▸ **INPUT DATA**:
==========
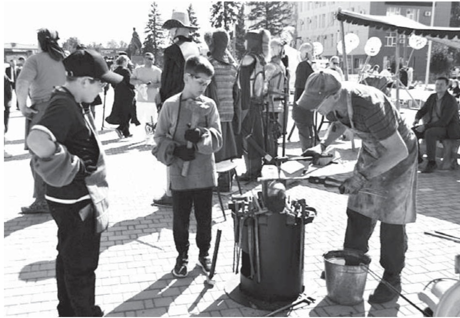
На краевом фестивале соцконтрактников «Мое дело!».

При реализации социального контракта, направленного на осуществление индивидуальной предпринимательской деятельности, малоимущий гражданин должен зарегистрироваться в ка-
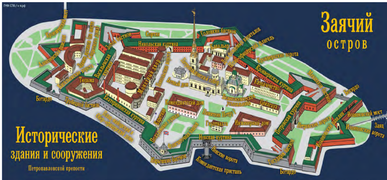
План Петропавловской крепости с экспликацией объектов. 2016.
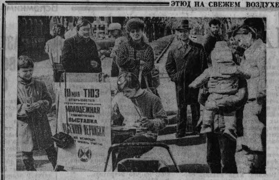
ЭТОГО НА СВЕЖЕМ ВОЗДУХЕ... Появление учащихся Новоалтайского художественного училища в прошедшее воскресенье на выставке В. И. Ленина кова...
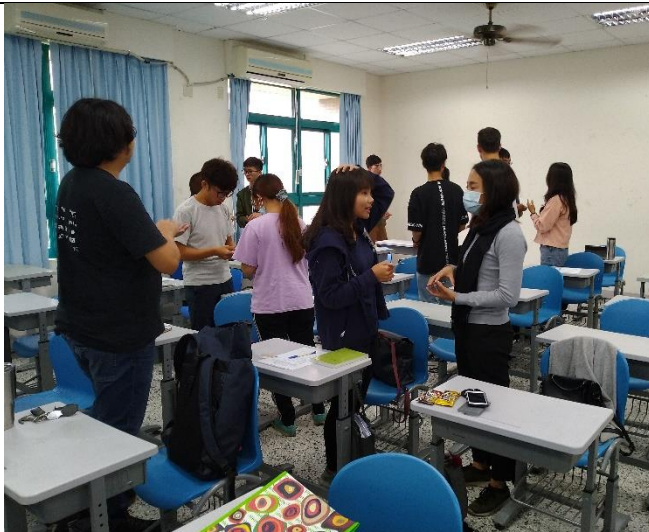
第一個活動-破冰遊戲，搭配多寶桌遊，讓大家都動起來
==========
▸ **EXERCISE DESCRIPTION**: Word for word, copy the lines from the one with "При реализации социального" through the end of the entries above, and do not include any picture.

▸ **SOLUTION FOR THIS EXERCISE**:
При реализации социального контракта, направленного на осуществление индивидуальной предпринимательской деятельности, малоимущий гражданин должен зарегистрироваться в ка-
План Петропавловской крепости с экспликацией объектов. 2016.
ЭТОГО НА СВЕЖЕМ ВОЗДУХЕ... Появление учащихся Новоалтайского художественного училища в прошедшее воскресенье на выставке В. И. Ленина кова...
第一個活動-破冰遊戲，搭配多寶桌遊，讓大家都動起來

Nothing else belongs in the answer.